(INPUT DATA)

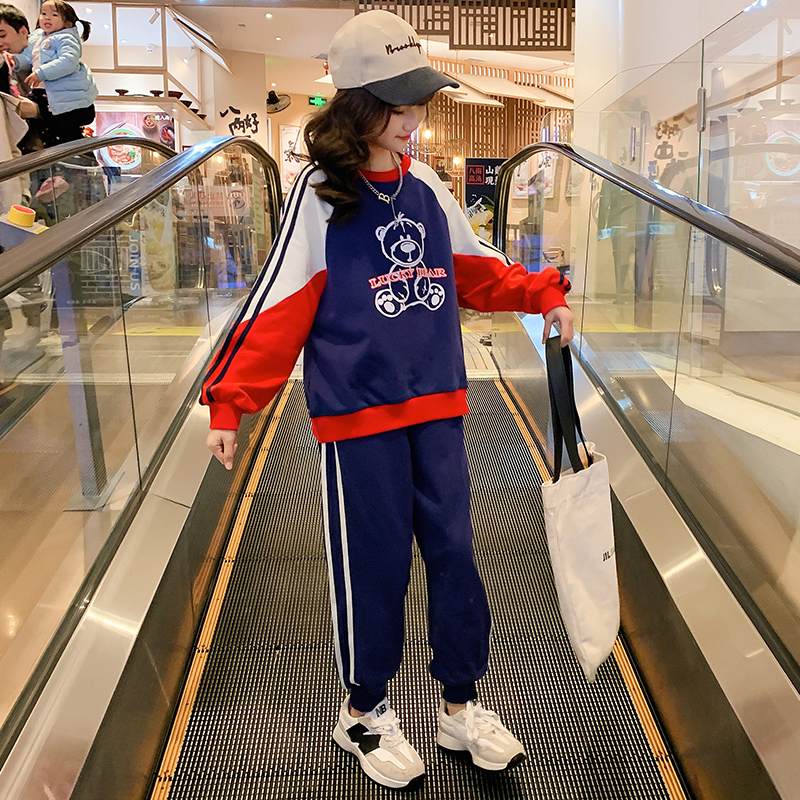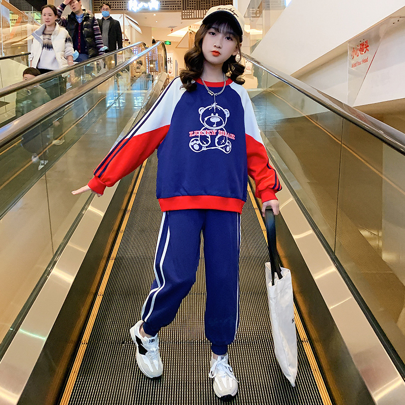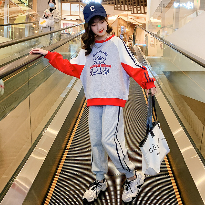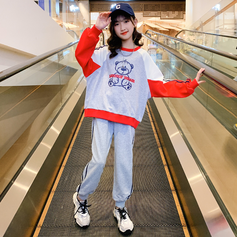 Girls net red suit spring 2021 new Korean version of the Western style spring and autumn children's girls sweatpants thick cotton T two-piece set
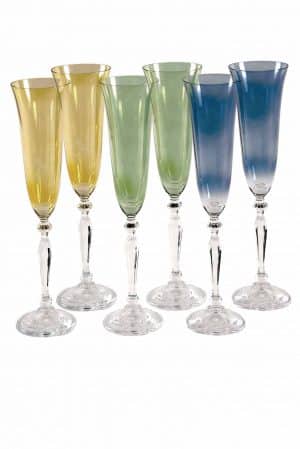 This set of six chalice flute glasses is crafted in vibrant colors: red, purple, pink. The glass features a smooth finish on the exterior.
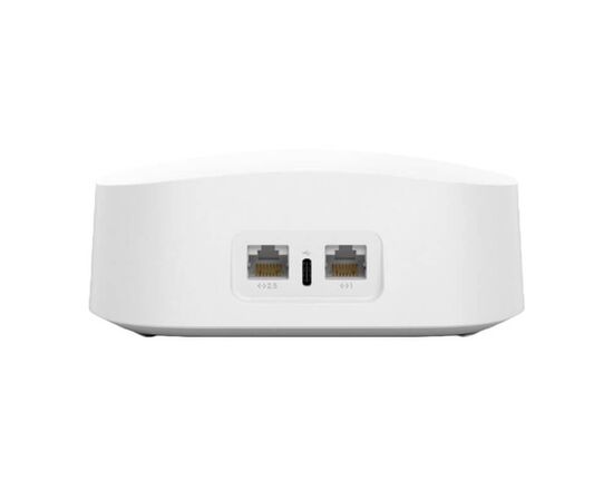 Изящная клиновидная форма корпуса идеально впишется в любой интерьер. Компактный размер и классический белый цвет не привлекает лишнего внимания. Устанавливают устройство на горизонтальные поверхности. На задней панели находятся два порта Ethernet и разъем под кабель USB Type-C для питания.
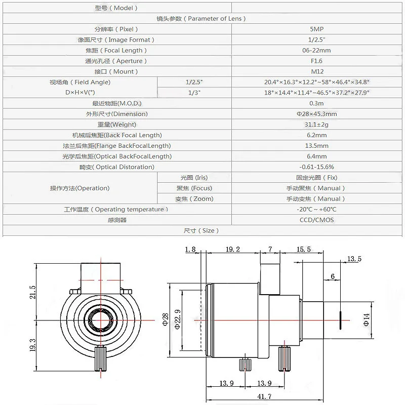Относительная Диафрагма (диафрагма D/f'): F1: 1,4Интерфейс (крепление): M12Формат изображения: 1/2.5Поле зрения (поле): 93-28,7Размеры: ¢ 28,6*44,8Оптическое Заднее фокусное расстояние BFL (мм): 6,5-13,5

(End INPUT DATA)

WORK REQUIRED:
With pictures omitted, reproduce exactly the lines from the line containing "This set of" through the end of the data above.

RESULT OF THE EXERCISE:
 This set of six chalice flute glasses is crafted in vibrant colors: red, purple, pink. The glass features a smooth finish on the exterior.
 Изящная клиновидная форма корпуса идеально впишется в любой интерьер. Компактный размер и классический белый цвет не привлекает лишнего внимания. Устанавливают устройство на горизонтальные поверхности. На задней панели находятся два порта Ethernet и разъем под кабель USB Type-C для питания.
Относительная Диафрагма (диафрагма D/f'): F1: 1,4Интерфейс (крепление): M12Формат изображения: 1/2.5Поле зрения (поле): 93-28,7Размеры: ¢ 28,6*44,8Оптическое Заднее фокусное расстояние BFL (мм): 6,5-13,5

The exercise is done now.